Populated place in Burlington County, New Jersey, US

Chesterfield, originally known as Recklesstown, is an unincorporated community located around the intersection of County Route 528 (Bordentown-Chesterfield Road, Chesterfield-Arneytown Road) and County Route 677 (Chesterfield-Georgetown Road) in Chesterfield Township of Burlington County, New Jersey.

==History==
In the 1830s, the village had a store, hotel, church, and post office. The village was originally named after Joseph Reckless, who had bought a mill here in 1712. His grandsons, Anthony and Robert, served in the American Revolutionary War. The name of the community was changed to Chesterfield in 1888 by congressman Anthony Bullock. The oldest part of the Recklesstown Tavern, now the Chesterfield Inn, was built c. 1710. The tavern was expanded in 1774.

==Historic district==

The Recklesstown Historic District is a 200 acre historic district encompassing the village.
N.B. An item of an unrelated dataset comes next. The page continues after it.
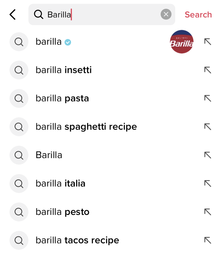 Le parole chiave di ricerca suggerite per “Barilla” su TikTok includono “Barilla insetti”. (Screenshot di NewsGuard)

It was added to the National Register of Historic Places on August 19, 1975, for its significance in agriculture, religion, and transportation. The district includes 49 contributing buildings. The Kessler House is a two and one-half story brick building built c. 1849. The Chesterfield Baptist Church was built in 1848 and features Greek Doric columns. Across the street is the Clayton House, once the church rectory, now a florist.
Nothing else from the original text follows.